Take a gander at a book called "The Creature from Jekyll Island" by G. Edward Griffin. IF YOU CAN FIND IT!

-- Dina (, October 09, 1999.

addition to my response directly above...

"The people who create the problem seldom suffer the economic consequences of their actions."

- The Creature from Jekyll Island, Page 37. (This is a book about the Federal Reserve.)

-- Dina (, October 09, 1999.

I believe it was North who pointed out that he'd rather trust a company than a government to pay bonds. And that most CEO's have a vested interest (stocks) in seeing that their companies survive. So if you have LOTS of money, buying stocks and bonds isn't dumb.
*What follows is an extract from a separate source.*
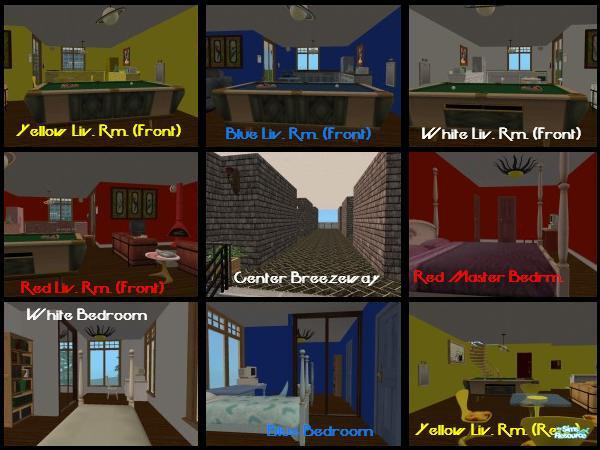 ...Coming September 6th to TSR. There are four apartments that are distinct from each other by their colors on both floors: red, yellow, blue, and white. Notice also the breezeway that runs from the front to the back. There is a playground, swimming pool, cookout area, and a front soccer and basketball area outside. New note: I just found out that if you hit the boolProp_testingCheatsEnabled_true cheat in the Neighborhood View before you move your Sim to an apartment lot, then shift-click on the apartment door they chose to rent, an option will appear asking if your Sims wants to get the rent furnished option, meaning when your Sim buys that apartment, everything in there will come with the place! Now THAT is a cool cheat code! :D

The only way you will lose everything in a widely based portfolio is if we have a 10+, in which case having piles of money (or gold) is going to be useless anyway. And as someone else pointed out, what are you going to do with millions/billions of dollars if you do take it out of the market? In fact, there was a recent thread from someone with just that trouble. Once you've prepped thoroughly, what do you do with extra money?

-- T the C (, October 10, 1999.

Well we know that November 16 is a key date. Greenspan is expected to raise the interest rate one last time. This typically seems to create a turbulent week before Mr. God Almighty makes his speech, because all of his followers put their fate in his hands.

Anyone with more than one half of a brain should have a pretty good idea that it's going to go downhill from that point anyway because of Y2K anxiety regardless of what the little green man says.

So as far as timing goes, I think the big boys might do some major dumping about a week before Greenspin talks, before everyone else starts getting nervous. Though I wouldn't be suprised if these hot shots are privy to Greenscum's decision in advance, so in the slim chance that he may hold off on the rate hike, they could possibly try to ride a bit longer until negative Y2K news starts to break.

My guess would be that somewhere around the first week of November the market will begin the major downhill slide, this time with no significant recovery until the dust settles next year.